Реформаторская деятельность внутри государства не препятствовала молодому царю активно действовать на внешнеполитической арене. Уже в декабре 1547 года он предпринял поход против соседней Казани, который закончился неудачей из-за начавшейся оттепели. Зимой 1549/1550 года кампания была повторена, и снова безуспешно. Татары ответили разорительными набегами на московские территории летом и осенью 1550 года. Для защиты от подобных нападений царь приказал соорудить против Казани крепость Свияжск, которая должна была стать опорным пунктом военного и колониального назначения. С апреля 1551 года царь готовился к походу, имевшему целью покорить Казань. Армию крымских татар, наступавшую с юга, удалось остановить и отбросить, и ничто теперь не препятствовало ему в разгроме ненавистного врага. В августе 1552 года он стоял под стенами Казани, а 2 октября торжественно входил во взятую штурмом крепость. Это было первым внешнеполитическим и военным успехом молодого царя, а одновременно и первым завоеванием татарского княжества москвитянами, и на современников это произвело глубокое впечатление. Хотя в последующие годы и пришлось в ходе кровавых сражений покорять племена, принадлежавшие к Казанскому ханству, но с падением крепости восточные славяне получили возможность не только перейти Волгу и начать колонизацию в восточном направлении, но и расширить торговлю Москвы в юго-восточных областях. Началось наступление Москвы на восток, на Азию — ворота для этого раскрыл, несомненно, Иван IV.
В декабре 1533 года, сразу же после взятия крепости, миссионерская деятельность государственной церкви началась крещением лично митрополитом Макарием последнего хана Казани'. У подданных-язычников она имела больший успех, чем у магометан.

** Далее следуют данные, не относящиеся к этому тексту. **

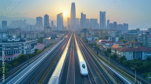 © visoot, Fototapeta premium A high-speed rail passing across city. against a blue sky. Aerial high view. Generative AI.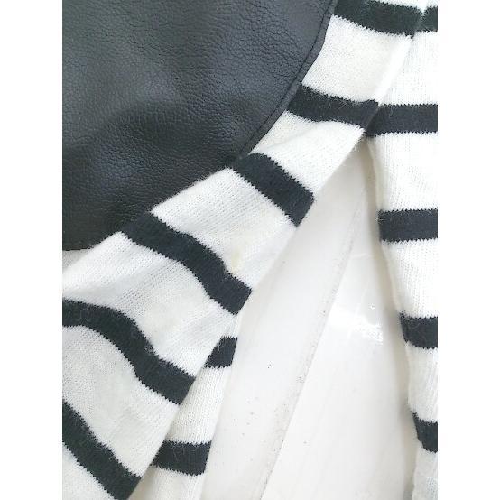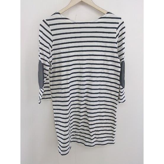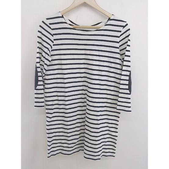 ◇ Another Edition ボーダー エルボーパッチ 七分袖 チュニック カットソー アイボリー ブラック レディース

Впрочем, ряд знатных татар приняли христианство и вскоре переселились в Великороссию. Иван IV пригласил вновь обращенных ханов к своему двору, выделил им жилье в Кремле и во всем уравнял их с другими служилыми князьями. Они сохранили и титул «царь», которым древнерусские хроники обычно называли только византийских императоров и татарских ханов. Один из ханов, Едигер-Магмед, при крещении получивший имя Симеон, в результате женитьбы на представительнице боярского рода Кутузовых имевший тесные связи с московской высшей знатью, позднее сыграл зловещую роль.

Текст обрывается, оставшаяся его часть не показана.